Data entries
• • • • • • •

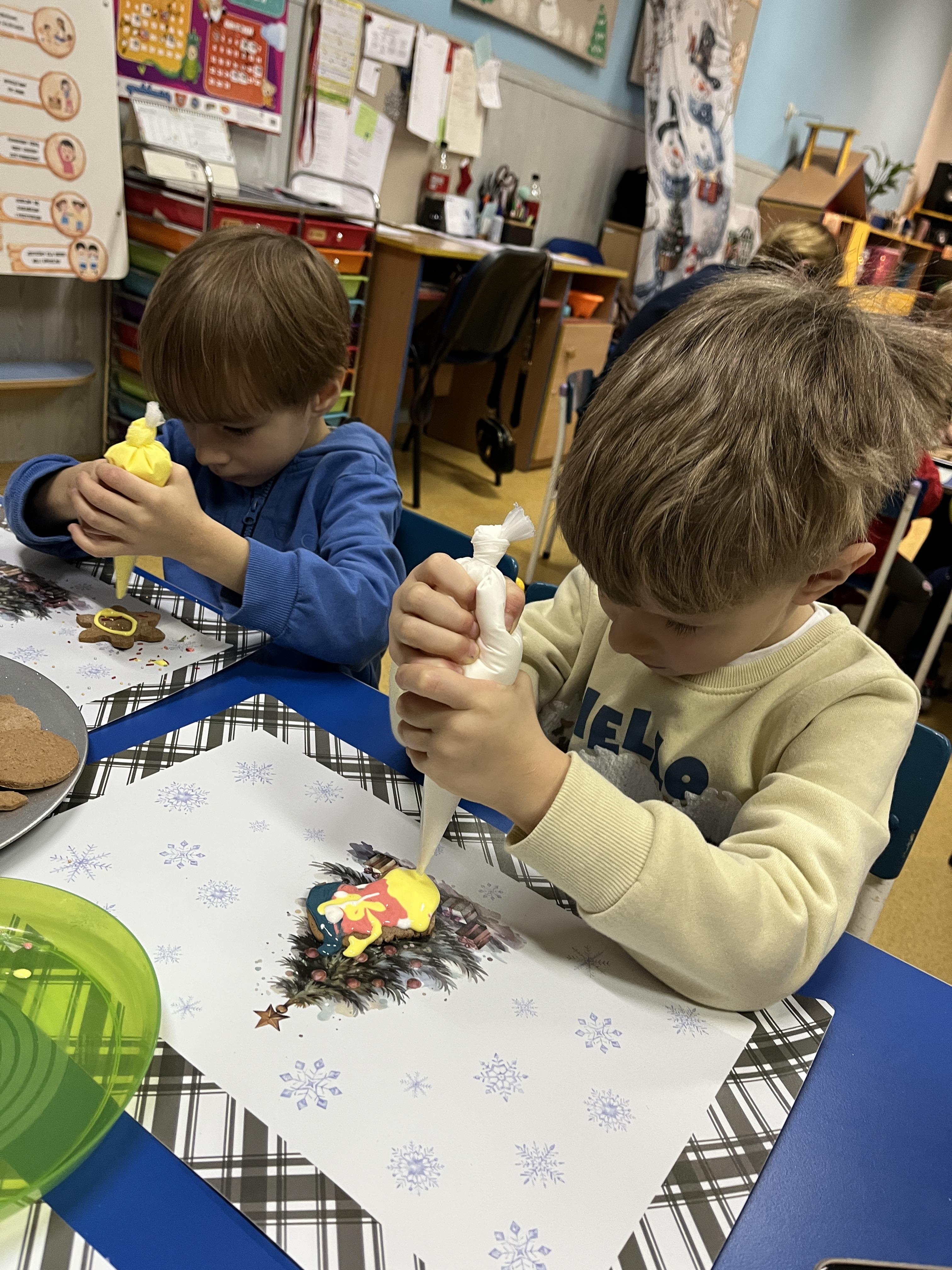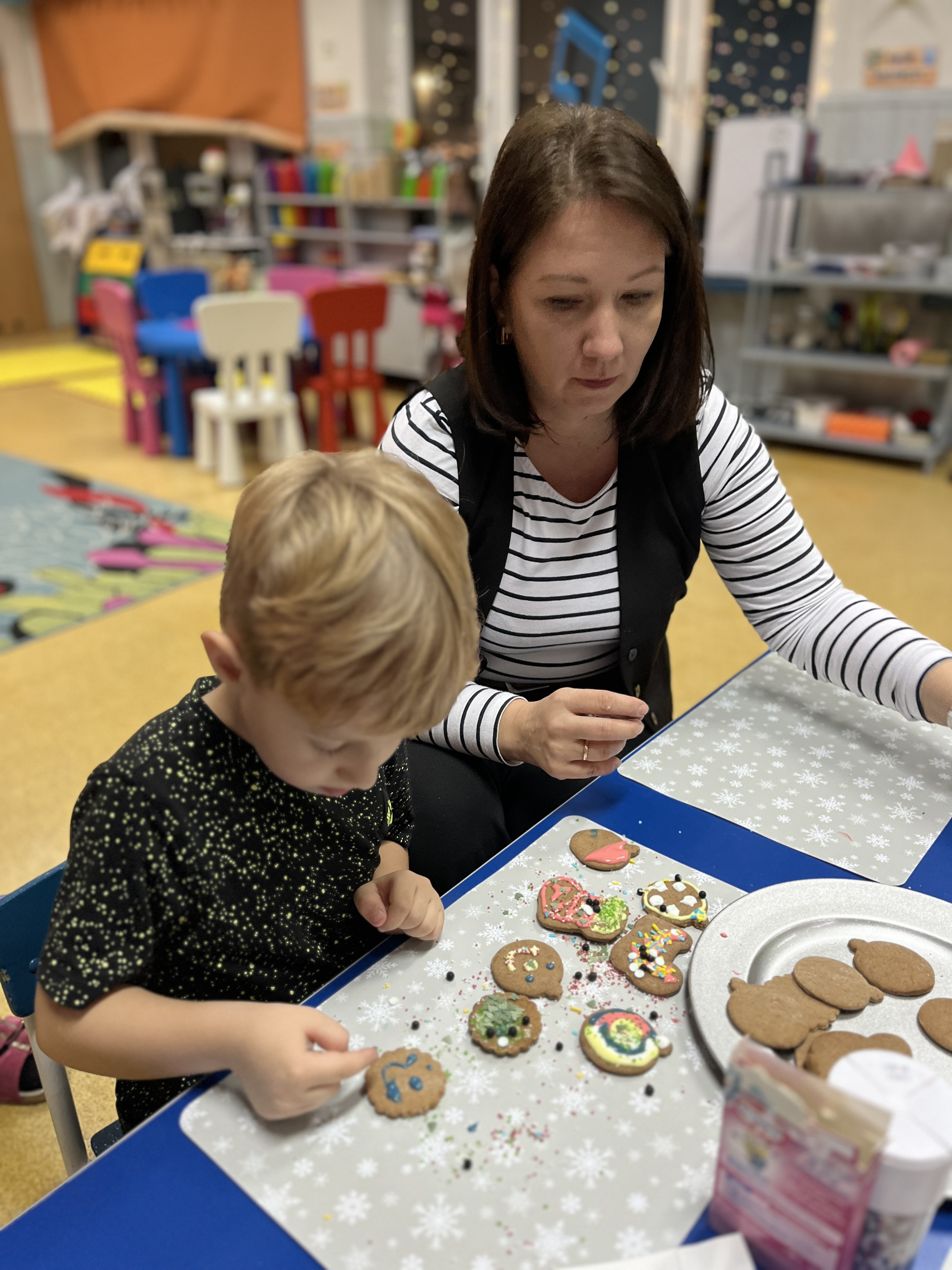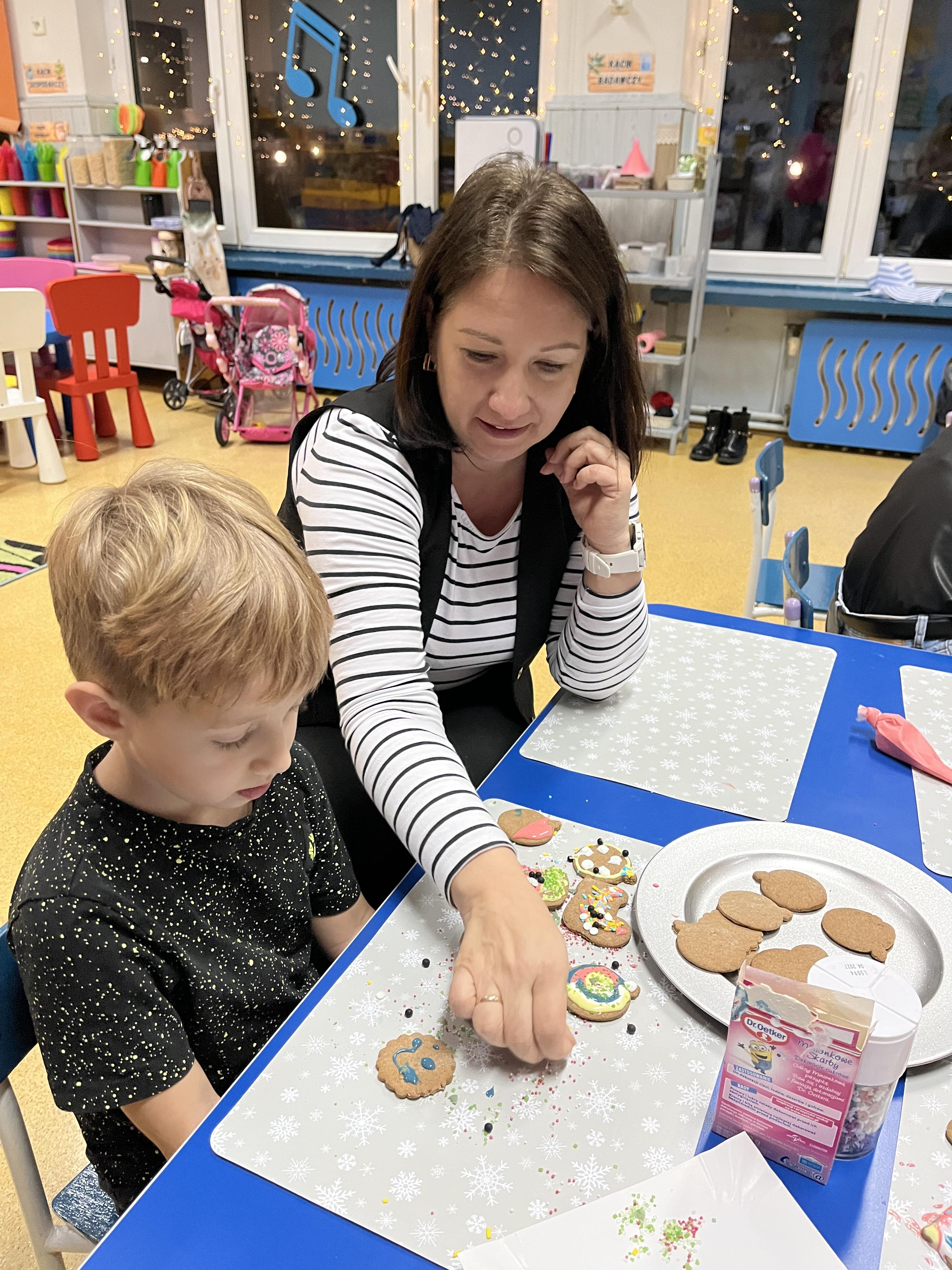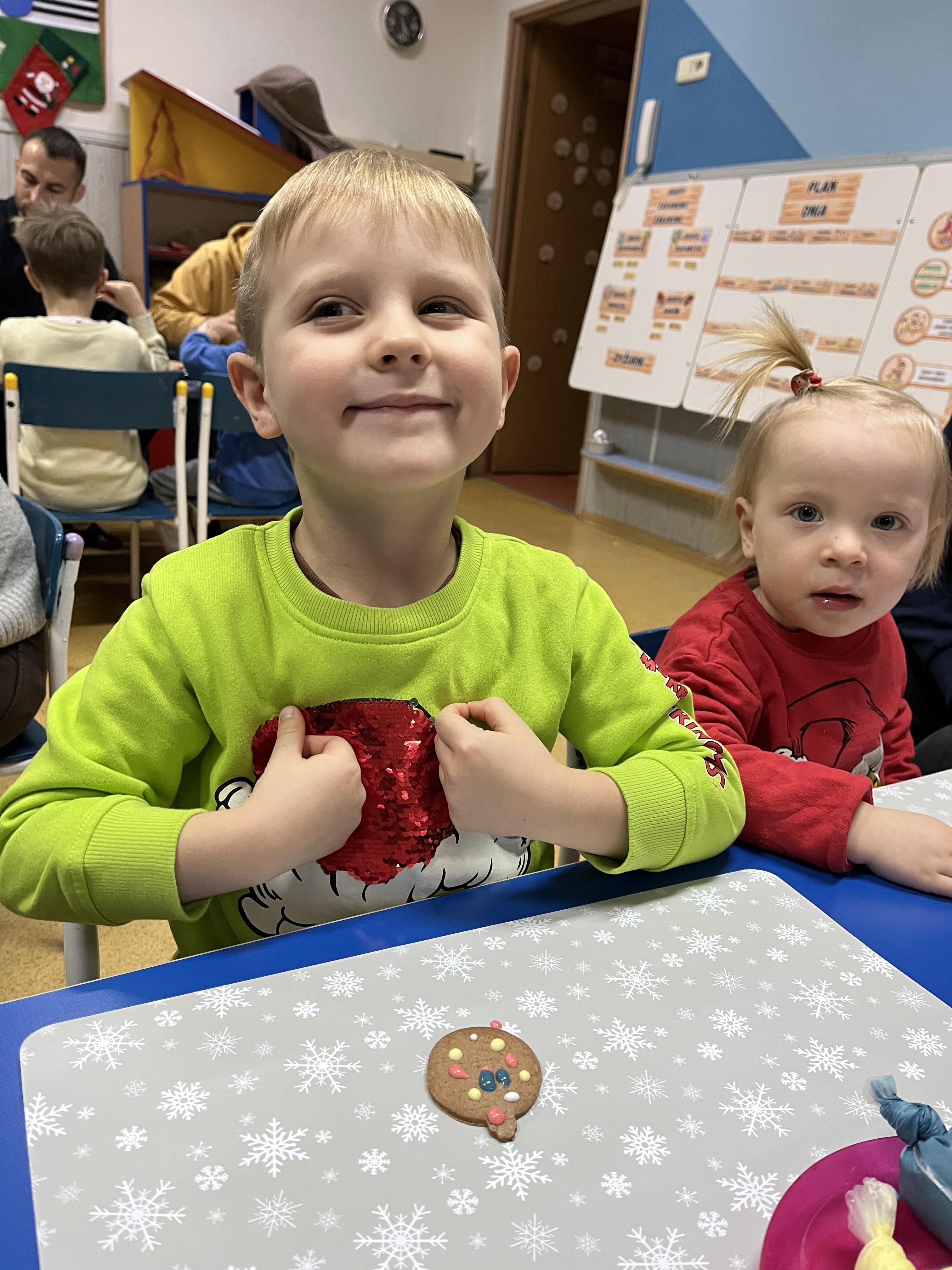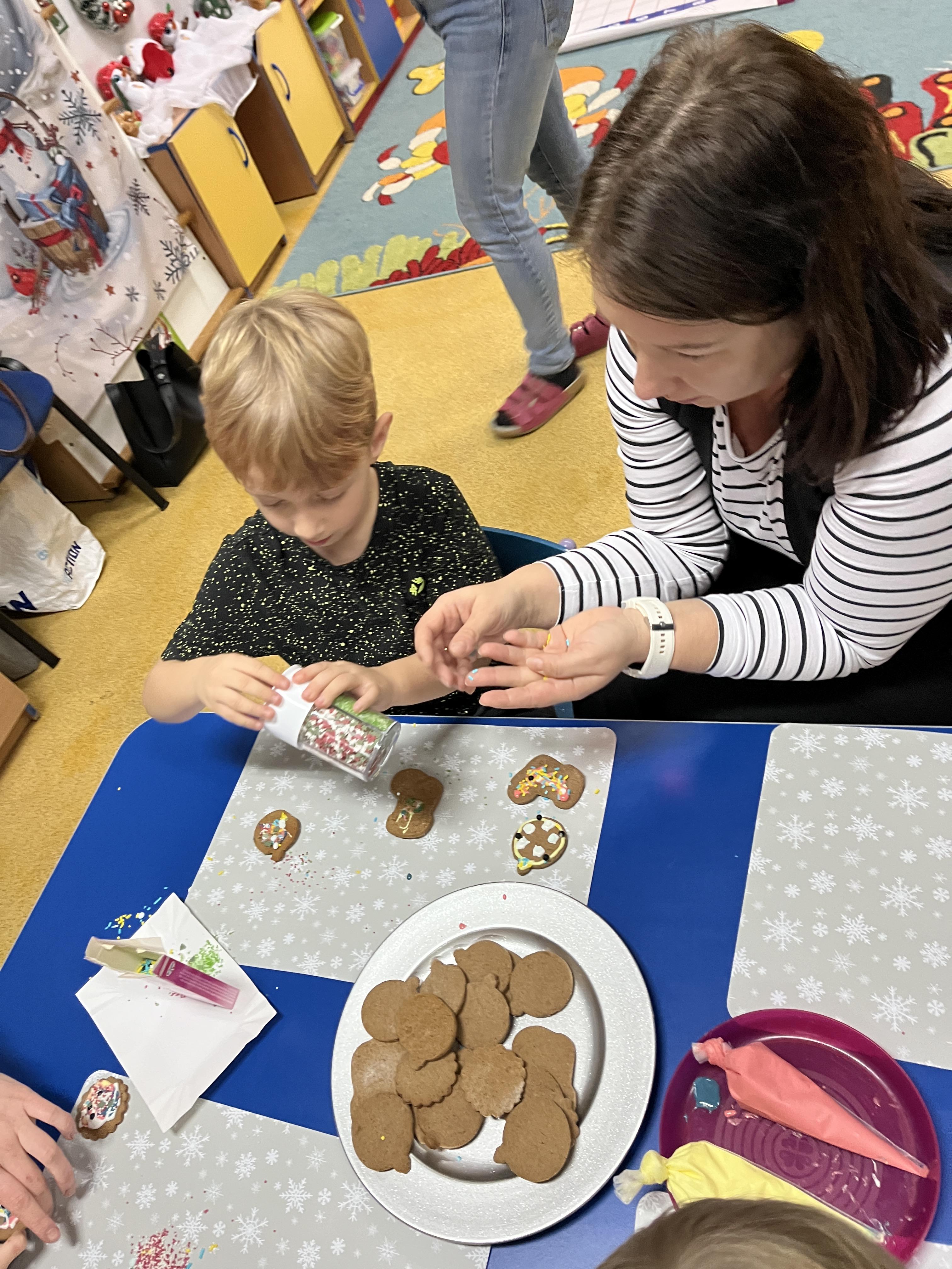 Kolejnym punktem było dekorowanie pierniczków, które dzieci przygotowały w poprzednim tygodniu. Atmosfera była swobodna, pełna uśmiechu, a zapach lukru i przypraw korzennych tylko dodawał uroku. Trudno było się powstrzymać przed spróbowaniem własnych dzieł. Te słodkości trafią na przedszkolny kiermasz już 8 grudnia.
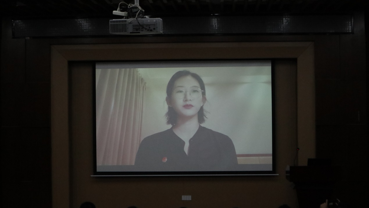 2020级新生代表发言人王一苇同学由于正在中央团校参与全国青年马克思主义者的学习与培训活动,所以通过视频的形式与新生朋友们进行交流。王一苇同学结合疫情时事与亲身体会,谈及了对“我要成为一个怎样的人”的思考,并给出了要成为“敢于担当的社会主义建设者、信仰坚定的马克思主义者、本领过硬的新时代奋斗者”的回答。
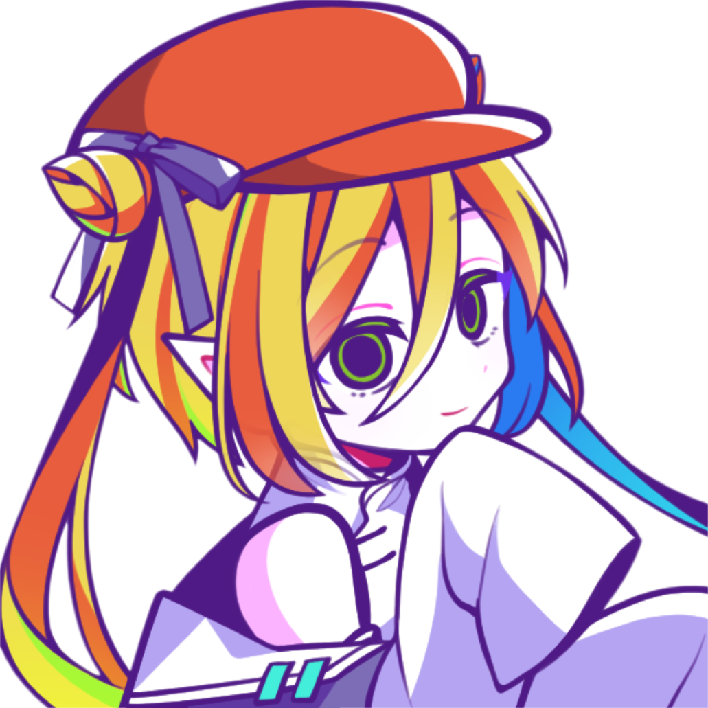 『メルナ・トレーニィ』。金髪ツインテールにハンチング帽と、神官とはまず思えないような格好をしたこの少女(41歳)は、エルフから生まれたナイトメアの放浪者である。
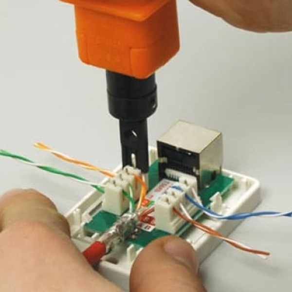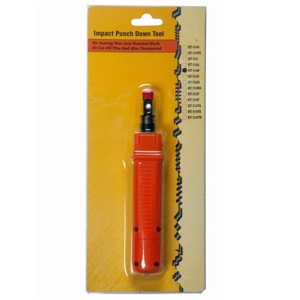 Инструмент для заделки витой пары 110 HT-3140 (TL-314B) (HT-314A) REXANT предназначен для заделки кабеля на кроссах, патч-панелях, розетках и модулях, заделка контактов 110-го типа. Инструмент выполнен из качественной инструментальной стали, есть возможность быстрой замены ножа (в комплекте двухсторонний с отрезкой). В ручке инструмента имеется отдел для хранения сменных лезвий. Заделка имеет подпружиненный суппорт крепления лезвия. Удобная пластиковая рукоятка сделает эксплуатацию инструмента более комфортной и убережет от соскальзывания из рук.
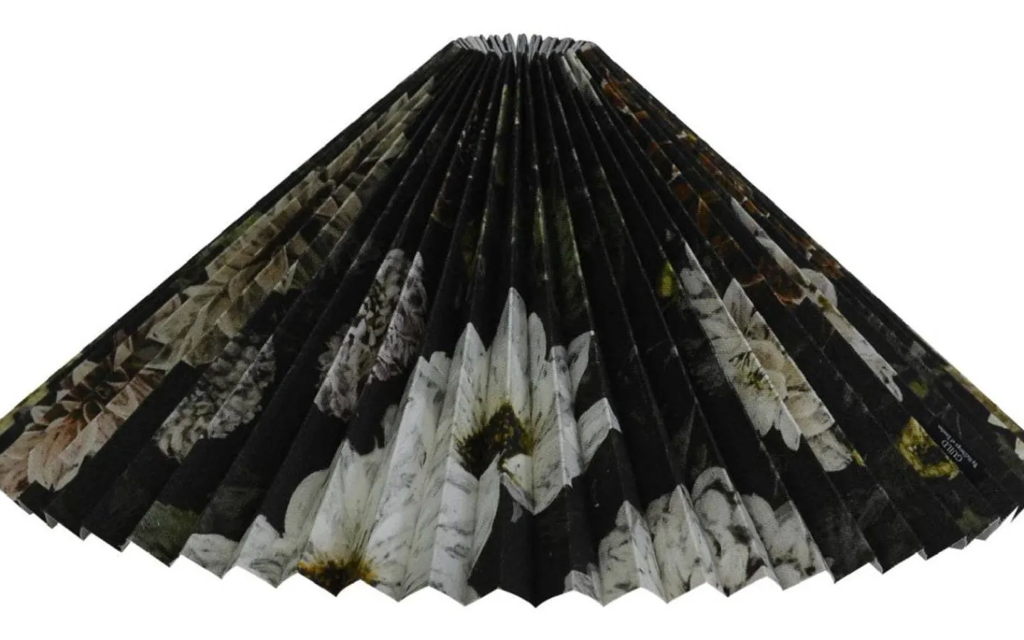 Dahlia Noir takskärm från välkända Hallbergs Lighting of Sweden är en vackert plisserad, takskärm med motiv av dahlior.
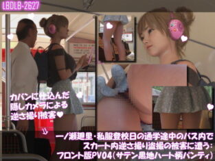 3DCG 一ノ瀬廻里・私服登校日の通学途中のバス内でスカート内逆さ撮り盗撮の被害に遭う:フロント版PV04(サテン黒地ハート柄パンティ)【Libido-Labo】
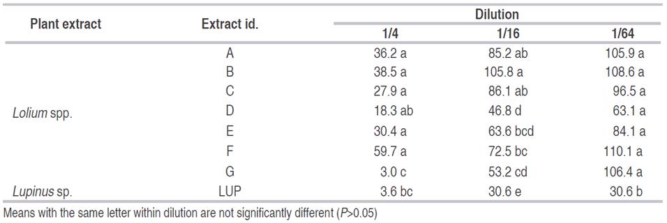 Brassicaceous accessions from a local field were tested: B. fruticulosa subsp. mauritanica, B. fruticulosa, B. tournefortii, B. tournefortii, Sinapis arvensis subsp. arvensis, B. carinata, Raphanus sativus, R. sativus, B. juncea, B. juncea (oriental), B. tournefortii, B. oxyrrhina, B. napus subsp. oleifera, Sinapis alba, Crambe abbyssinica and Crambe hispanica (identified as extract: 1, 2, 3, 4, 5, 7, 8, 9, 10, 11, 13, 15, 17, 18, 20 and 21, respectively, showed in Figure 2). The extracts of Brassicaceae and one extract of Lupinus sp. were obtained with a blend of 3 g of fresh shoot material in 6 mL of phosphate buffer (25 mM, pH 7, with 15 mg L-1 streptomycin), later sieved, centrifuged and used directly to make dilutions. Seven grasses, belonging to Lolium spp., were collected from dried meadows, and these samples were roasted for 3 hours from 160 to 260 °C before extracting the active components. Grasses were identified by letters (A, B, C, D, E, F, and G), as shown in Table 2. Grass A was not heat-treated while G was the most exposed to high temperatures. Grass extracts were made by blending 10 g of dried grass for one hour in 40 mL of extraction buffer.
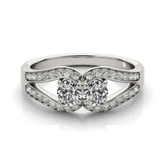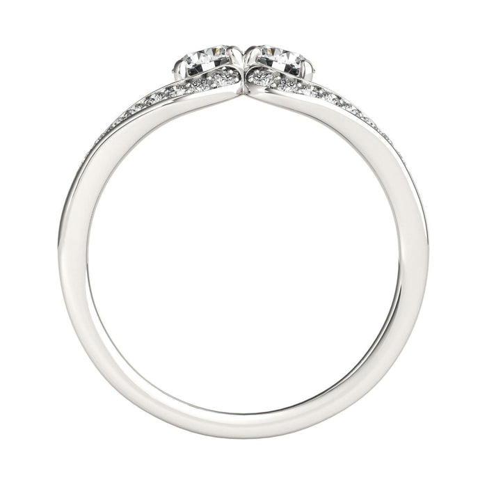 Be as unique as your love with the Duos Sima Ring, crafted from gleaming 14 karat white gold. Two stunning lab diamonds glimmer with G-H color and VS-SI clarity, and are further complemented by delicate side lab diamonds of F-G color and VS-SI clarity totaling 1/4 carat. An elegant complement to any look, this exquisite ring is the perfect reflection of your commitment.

• • • • • • •

TASK DIRECTIONS:
With the pictures omitted, set down each line exactly, starting at the first line of the records above and ending with the line that contains "2020级新生代表发言人王一".

SOLUTION FOR THIS PROBLEM:
 Kolejnym punktem było dekorowanie pierniczków, które dzieci przygotowały w poprzednim tygodniu. Atmosfera była swobodna, pełna uśmiechu, a zapach lukru i przypraw korzennych tylko dodawał uroku. Trudno było się powstrzymać przed spróbowaniem własnych dzieł. Te słodkości trafią na przedszkolny kiermasz już 8 grudnia.
 2020级新生代表发言人王一苇同学由于正在中央团校参与全国青年马克思主义者的学习与培训活动,所以通过视频的形式与新生朋友们进行交流。王一苇同学结合疫情时事与亲身体会,谈及了对“我要成为一个怎样的人”的思考,并给出了要成为“敢于担当的社会主义建设者、信仰坚定的马克思主义者、本领过硬的新时代奋斗者”的回答。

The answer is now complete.